▸ **Records shown**
BEGIN

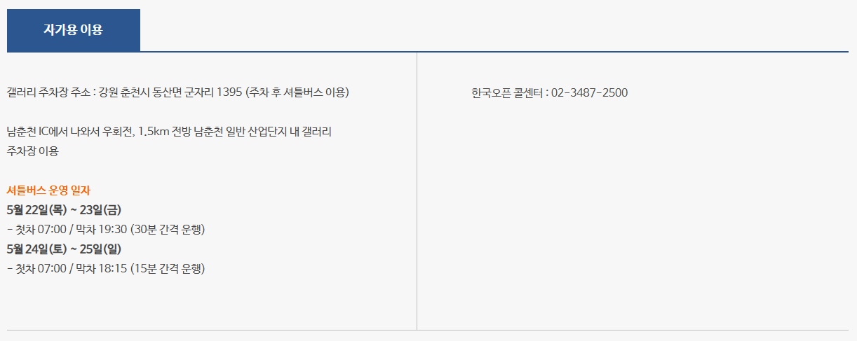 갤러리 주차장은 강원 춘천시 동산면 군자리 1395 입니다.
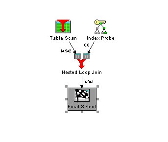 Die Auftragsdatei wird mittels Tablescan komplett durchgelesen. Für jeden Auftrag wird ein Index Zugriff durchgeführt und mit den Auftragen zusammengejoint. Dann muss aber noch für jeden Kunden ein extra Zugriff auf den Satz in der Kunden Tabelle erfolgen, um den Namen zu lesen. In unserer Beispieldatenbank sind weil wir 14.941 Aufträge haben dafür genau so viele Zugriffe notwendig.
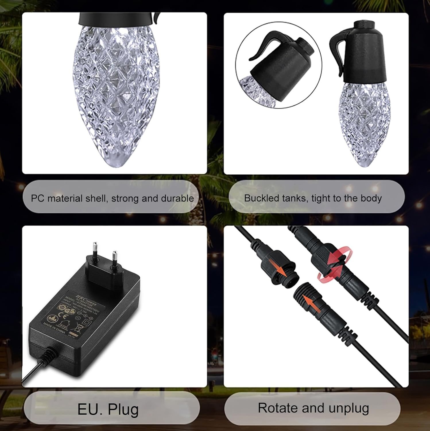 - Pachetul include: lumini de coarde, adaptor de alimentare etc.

END
BEGIN

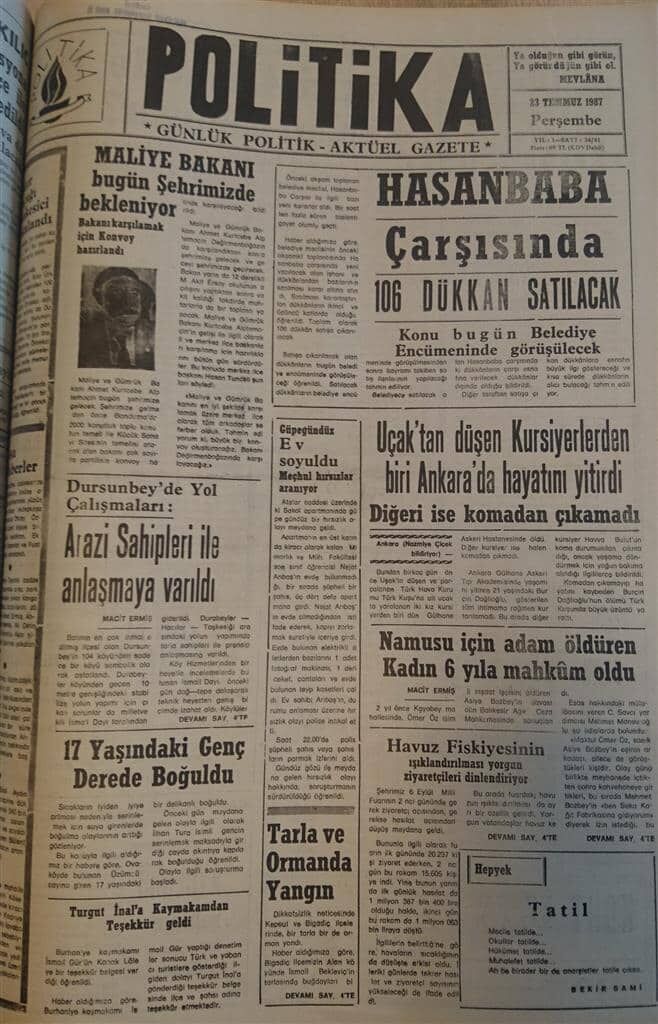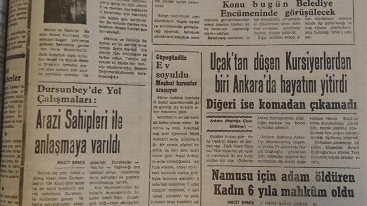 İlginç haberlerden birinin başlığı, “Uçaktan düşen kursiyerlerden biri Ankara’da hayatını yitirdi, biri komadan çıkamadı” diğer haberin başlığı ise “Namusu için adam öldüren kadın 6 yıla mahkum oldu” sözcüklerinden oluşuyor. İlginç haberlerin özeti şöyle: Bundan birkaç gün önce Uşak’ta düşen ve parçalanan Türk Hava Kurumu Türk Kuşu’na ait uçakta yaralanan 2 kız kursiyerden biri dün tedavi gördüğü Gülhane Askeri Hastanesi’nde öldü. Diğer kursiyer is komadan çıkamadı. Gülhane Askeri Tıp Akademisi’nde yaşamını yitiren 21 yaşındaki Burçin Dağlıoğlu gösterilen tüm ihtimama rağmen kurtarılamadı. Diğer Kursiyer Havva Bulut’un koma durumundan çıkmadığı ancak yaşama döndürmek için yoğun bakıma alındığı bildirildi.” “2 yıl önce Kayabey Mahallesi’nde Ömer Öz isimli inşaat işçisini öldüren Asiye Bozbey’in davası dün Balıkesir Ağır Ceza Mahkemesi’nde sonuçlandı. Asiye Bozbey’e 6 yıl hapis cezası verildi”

END
BEGIN

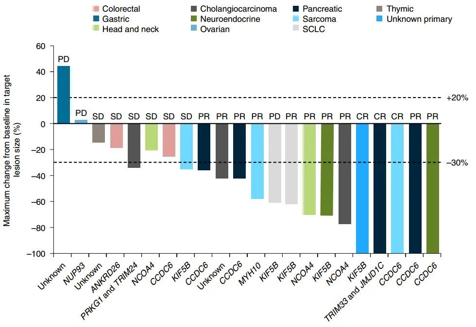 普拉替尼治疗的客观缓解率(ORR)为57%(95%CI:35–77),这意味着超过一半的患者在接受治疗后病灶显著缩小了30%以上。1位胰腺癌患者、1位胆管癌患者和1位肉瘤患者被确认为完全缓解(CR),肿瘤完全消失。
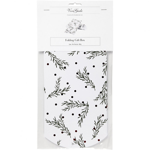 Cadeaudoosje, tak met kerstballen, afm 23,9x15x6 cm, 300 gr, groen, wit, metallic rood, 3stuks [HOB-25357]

END

▸ **What you will do**
Precisely those lines above that run from the line with "普拉替尼治疗的客观缓解率(O" up to and including the line with "Cadeaudoosje, tak met" are to be set down, with the pictures omitted.

▸ **Exercise output**
 普拉替尼治疗的客观缓解率(ORR)为57%(95%CI:35–77),这意味着超过一半的患者在接受治疗后病灶显著缩小了30%以上。1位胰腺癌患者、1位胆管癌患者和1位肉瘤患者被确认为完全缓解(CR),肿瘤完全消失。
 Cadeaudoosje, tak met kerstballen, afm 23,9x15x6 cm, 300 gr, groen, wit, metallic rood, 3stuks [HOB-25357]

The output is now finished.